Saint Strelok…. Not now. Not again.

Yuri scanned the nearest house for the biggest window. He drew his arm back.  

“Get ready,” he whispered.

A deep breath. Then he flung the rocks with all his strength.

Glass shattered, clattered, crashed to the ground. The dogs on the sidewalk turned as one and charged toward the house, yowling and barking.

“Now!”

And Yuri was running.

The four of them surged up the street, speeding past the bleeding, squealing pig-thing, through the swirling, snapping dogs with their stink and teeth and skin-masked eyes. One lunged at Yuri but he twisted aside. Howls rose over the tin roofs.    

Their boots pounded on the pavement. They flew past the pumps. Kaspar reached the station first, flung the convenience store door open. Gleb bundled his boss inside. Yuri followed last, half-expecting teeth to sink into his leg any second.

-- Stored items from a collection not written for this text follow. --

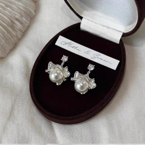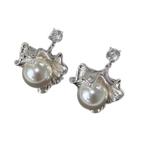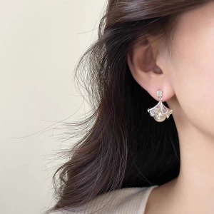 新款灰色扇形银杏叶珍珠耳环女轻奢高级感气质小众独特设计耳饰潮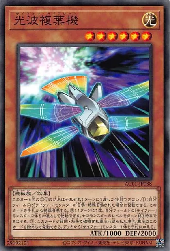 《光波翼機》を手札から特殊召喚して効果を発動し、このカードともう1体をレベル8にして《銀河眼の光波竜》を出すのが狙いとなる。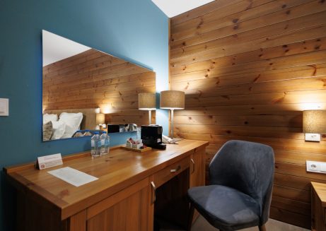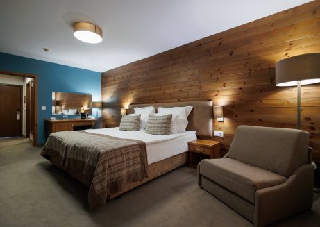 В двойните стаи ЛУКС можете да се насладите на уютно и практично пространство, допълнено от стилните детайли в обзавеждането, до акцентите от естествено тъмно дърво и елегантни мебели. Те не разполагат с балкон, но благодарение на южното си изложение, пред погледа на гостите се разкрива уникална гледка през панорамните прозорци. Избирайки Двойна стая Лукс, Вие избирате комфорт и уединение в сърцето на планината.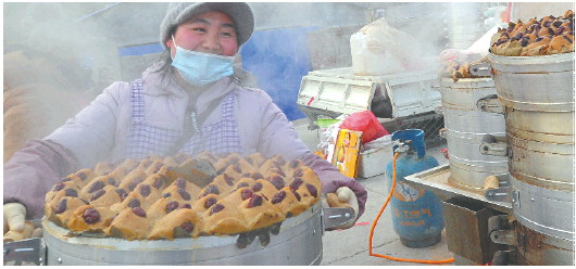 他们家除了卖年糕,还卖小米的衍生产品,比如济南人爱喝的茶汤等等。刚结婚的小两口在父母指导下,很快掌握了做年糕的技术。他们做出来的年糕干净卫生,为了符合老人口味,里面一点儿糖也不放,全靠枣、米自身带的香甜来提味。再加上笼屉下面铺着南部山区采摘回来的槲叶,蒸出来的年糕软糯而又清香,深受食客们喜爱。
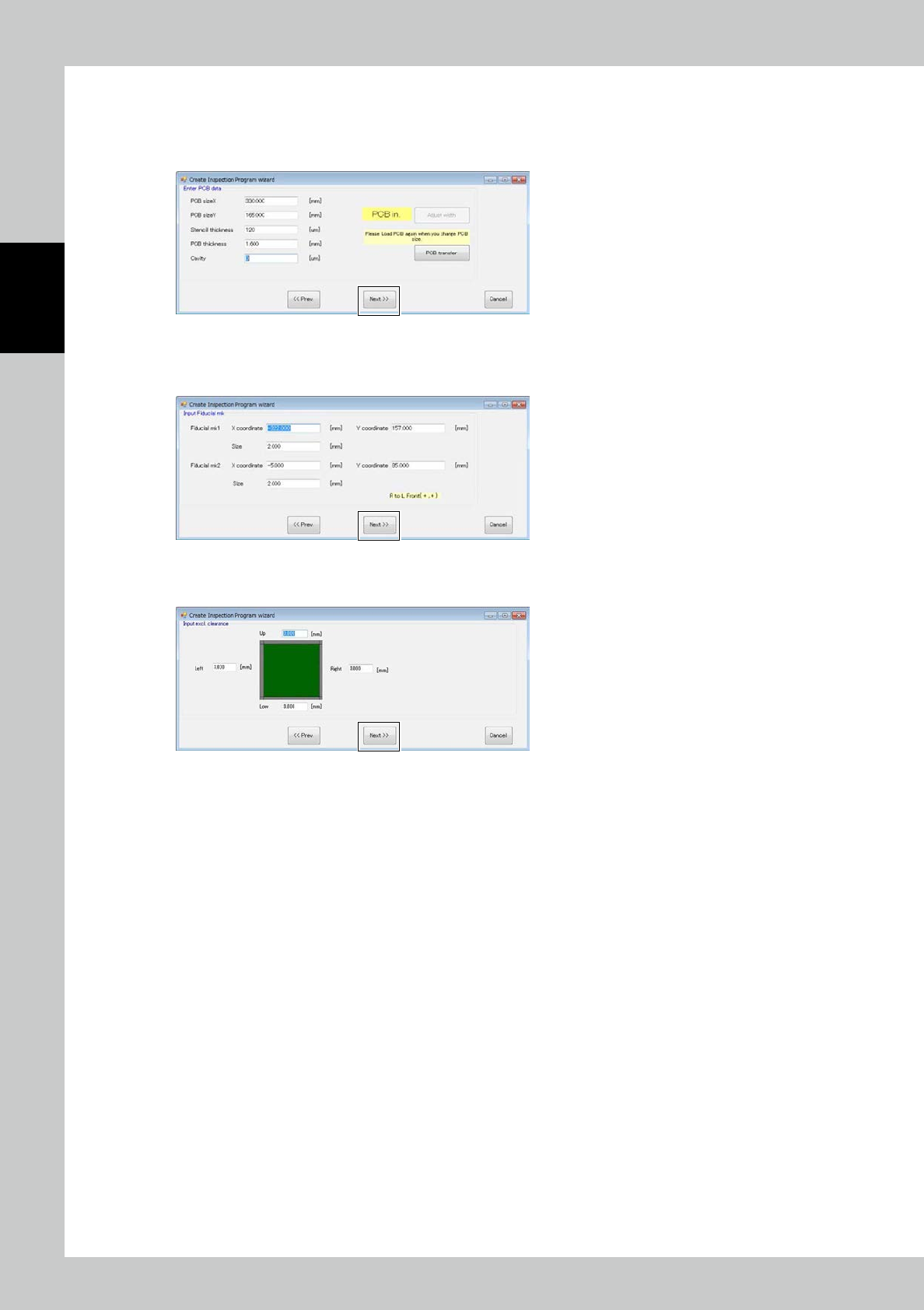 2-61 2 Operation Enter the pad recognition range v alues. Click on the [Next] button. 24284-KMN-00 T he image of the PCB is display ed. T he image shows the pad extraction range and the number of fields of view , based o…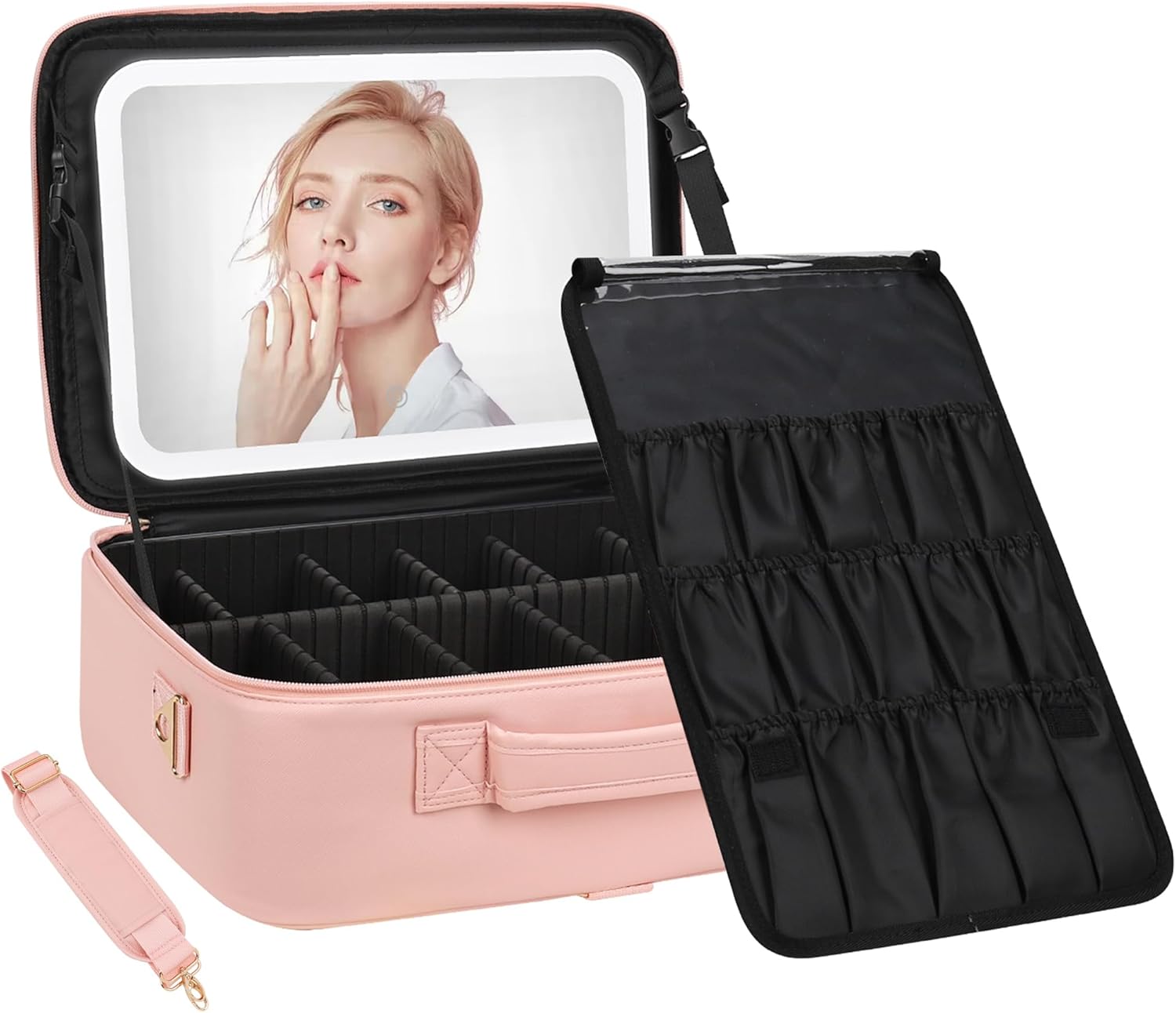 - What You Get: Makeup bag, 10 Pcs adjustable dividers, USB rechargeable makeup mirror (104 LED Beads, 2000mAh), USB charging cable, shoulder strap, worry-free 12-month warranty and our friendly customer service.

A second later he was sliding across the floor. Kaspar slammed the door shut. Blind dogs milled outside, feral and frustrated, but their barks were muffled by the thick glass and the only real sound was Nikolai’s retching breaths and Yuri’s own heart beating in his ears.

Trembling, Yuri stood. He swayed. The headache was gone but his nose was still bleeding. He fished a kerchief from his pocket but before he could staunch the flow, fat drops spattered on the floor. One by his boot made a perfect crimson circle. On the mud-smeared blue tile, it looked exactly like the sunset.